By analyzing existing cross correlation between Celestica and Amgen Inc, you can compare the effects of market volatilities on Celestica and Amgen and check how they will diversify away market risk if combined in the same portfolio for a given time horizon. You can also utilize pair trading strategies of matching a long position in Celestica with a short position of Amgen. Check out your portfolio center. Please also check ongoing floating volatility patterns of Celestica and Amgen.

Diversification Opportunities for Celestica and Amgen

-0.84
  Correlation Coefficient

Pay attention - limited upside

The 3 months correlation between Celestica and Amgen is -0.84. Overlapping area represents the amount of risk that can be diversified away by holding Celestica and Amgen Inc in the same portfolio, assuming nothing else is changed.
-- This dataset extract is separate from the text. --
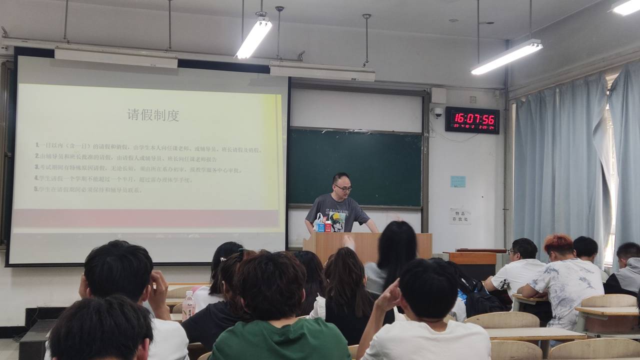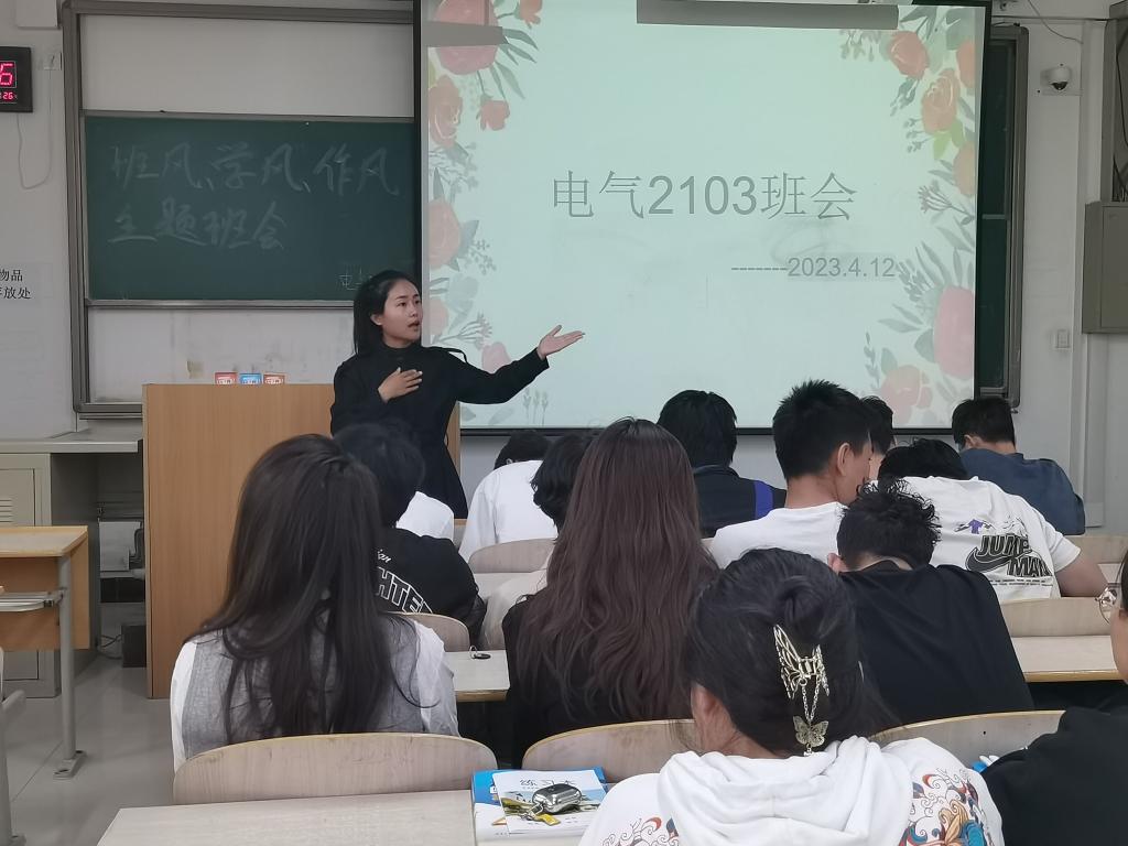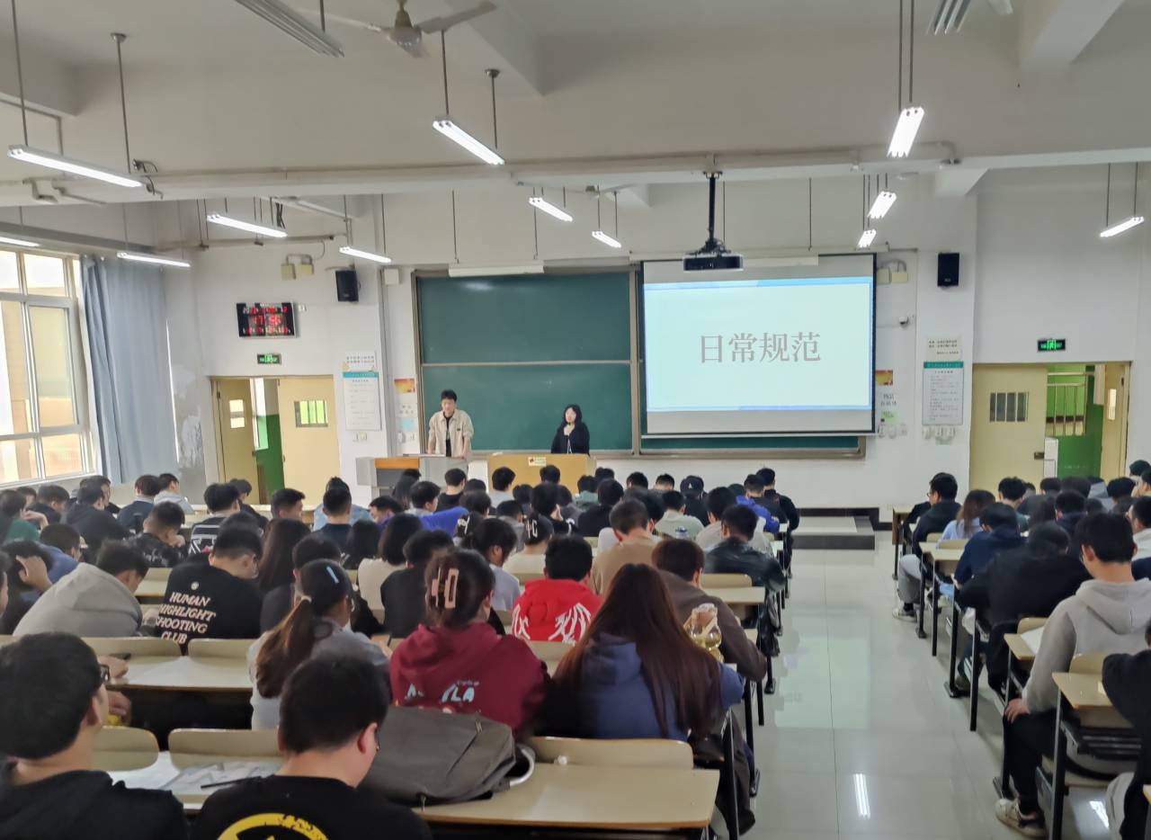 电信系辅导员针对全系学生以“大学生行为规范”为主题召开班会, 班会上各位老师均引导学生应准时上课、认真听讲、积极参与课堂互动、课前擦黑板、保持公共场所卫生、不在非吸烟区抽烟等, 同时也再次强调了早读晚自习、钉钉运动、请假和宿舍制度等日常行为规范。

The correlation between historical prices or returns on Amgen Inc and Celestica is a relative statistical measure of the degree to which these equity instruments tend to move together. The correlation coefficient measures the extent to which returns on Celestica are associated (or correlated) with Amgen. Values of the correlation coefficient range from -1 to +1, where. The correlation of zero (0) is possible when the price movement of Amgen Inc has no effect on the direction of Celestica i.e., Celestica and Amgen go up and down completely randomly.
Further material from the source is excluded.